REQUIRED WORK> Output everything in the data exactly, leaving the pictures out.

RECORDED INFORMATION>
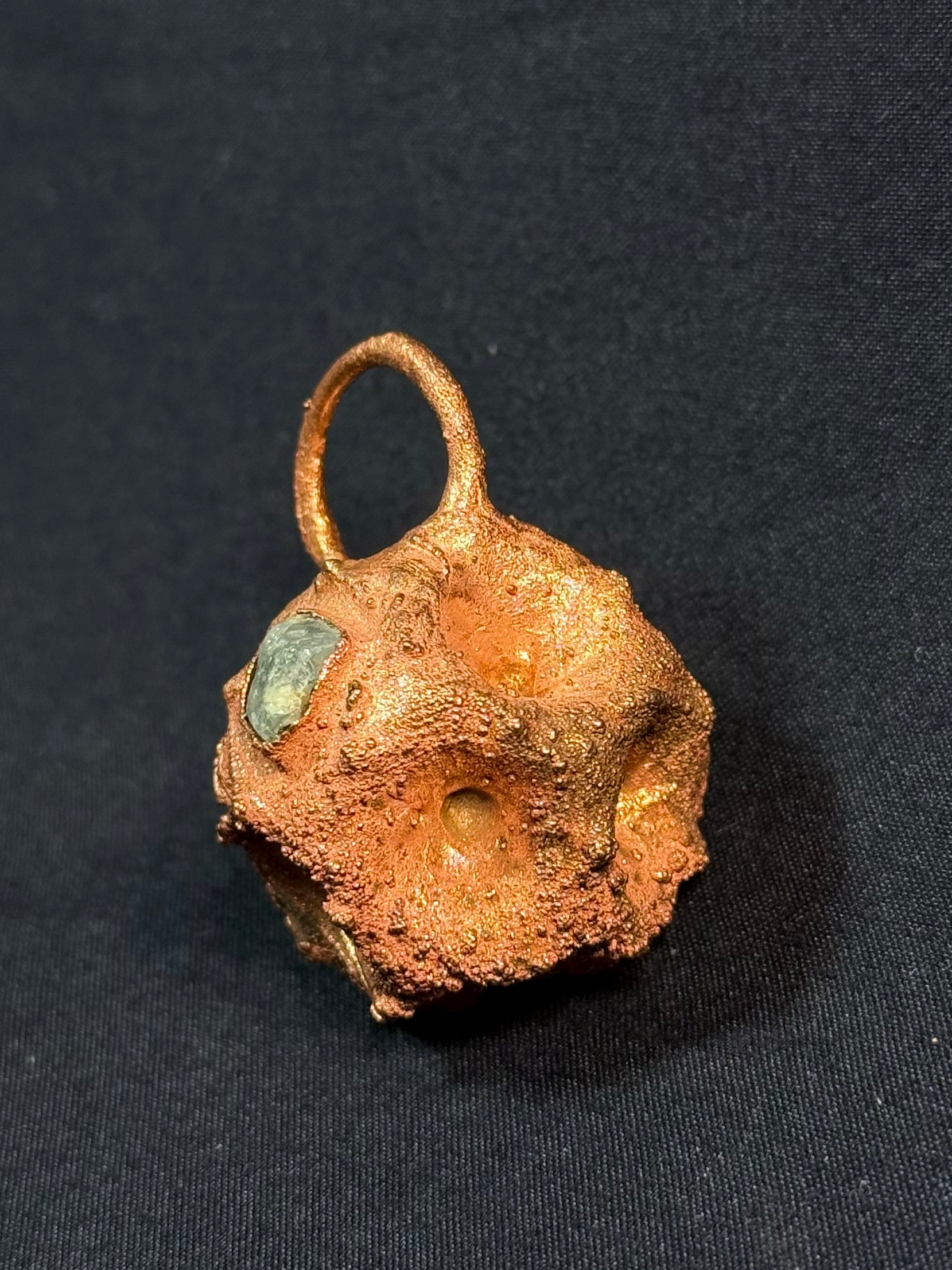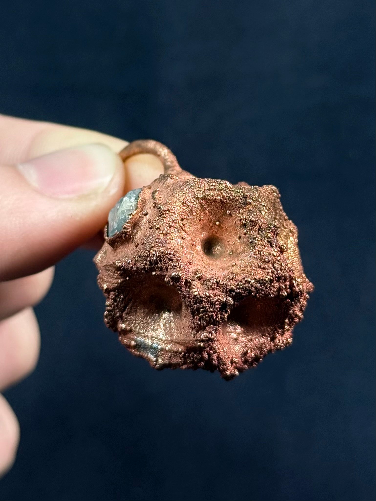 Electroform copper 3D printed tessellated rose (by the amazing @dabassmentdwellers) featuring aquamarine.
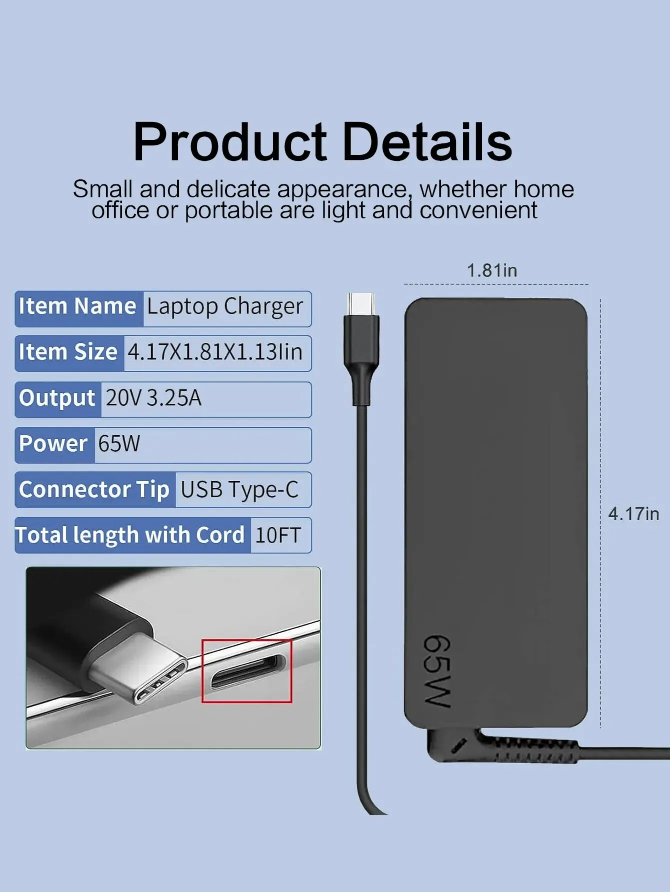 Зарядное устройство для ноутбука USB C 65 Вт. Вход: 100-240 В ~ 1,6 А, 50-60 Гц Выход: 110-240 В, 50 ~ 60 Гц. Выход: 20 В, 3,25 А, 65 Вт. (Также подходит для 45 Вт), также замена для Dell Hp Lenovo Acer Razer Blade Stealth Samsung Chromebook MacBook Asus Быстрая зарядка Тип C Тонкий адаптер питания для путешествий
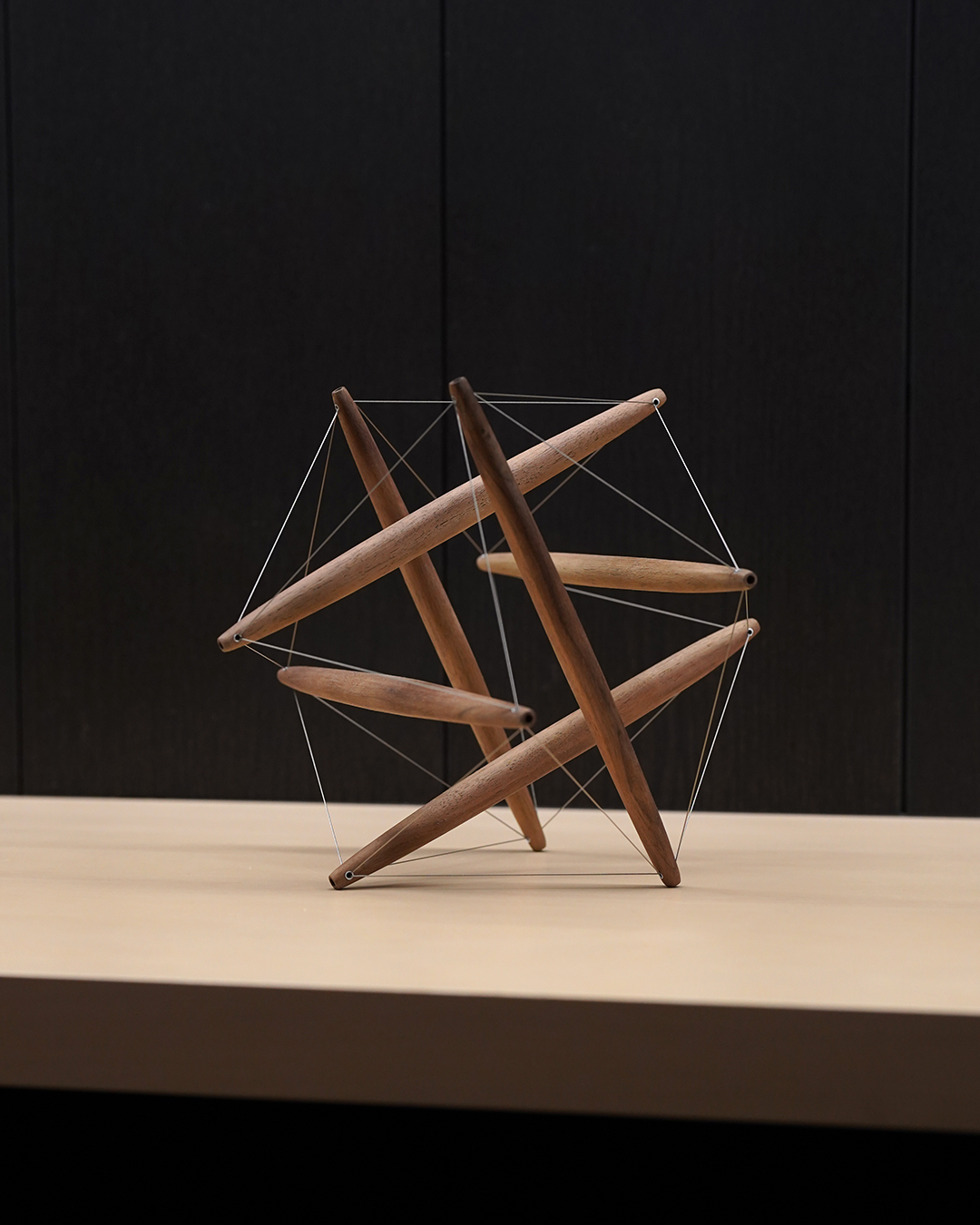 張力のつり合いによって均衡が保たれ成立するオブジェクト「テンセグリティ」。 ケネス・スネルソンとバックミンスター・フラーによって発明、提唱されたテンセグリティは、構造概念や構造システムのモデルとして、またパブリックアートとしても世界的に知られています。 こちらの作品は、木工作家 ikkaku mosaic./井出裕太氏と、TENSEGRITYLAB.を主宰する山本考志氏によるスペシャルなコラボ作品。 ikkaku mosaic.がハンドメイドで一本ずつ丁寧に削り出した木製ロッドを用い、TENSEGRITYLAB.が緻密に組み上げました。 豊かな表情を持つ木と、自然に内在する構造原理が呼応することで、目に見えない力の関係が美しく可視化され、空間に馴染む新しいオブジェが生まれました。 ※すべて1点ものとなります。

OUTPUT BELOW>
 Electroform copper 3D printed tessellated rose (by the amazing @dabassmentdwellers) featuring aquamarine.
 Зарядное устройство для ноутбука USB C 65 Вт. Вход: 100-240 В ~ 1,6 А, 50-60 Гц Выход: 110-240 В, 50 ~ 60 Гц. Выход: 20 В, 3,25 А, 65 Вт. (Также подходит для 45 Вт), также замена для Dell Hp Lenovo Acer Razer Blade Stealth Samsung Chromebook MacBook Asus Быстрая зарядка Тип C Тонкий адаптер питания для путешествий
 張力のつり合いによって均衡が保たれ成立するオブジェクト「テンセグリティ」。 ケネス・スネルソンとバックミンスター・フラーによって発明、提唱されたテンセグリティは、構造概念や構造システムのモデルとして、またパブリックアートとしても世界的に知られています。 こちらの作品は、木工作家 ikkaku mosaic./井出裕太氏と、TENSEGRITYLAB.を主宰する山本考志氏によるスペシャルなコラボ作品。 ikkaku mosaic.がハンドメイドで一本ずつ丁寧に削り出した木製ロッドを用い、TENSEGRITYLAB.が緻密に組み上げました。 豊かな表情を持つ木と、自然に内在する構造原理が呼応することで、目に見えない力の関係が美しく可視化され、空間に馴染む新しいオブジェが生まれました。 ※すべて1点ものとなります。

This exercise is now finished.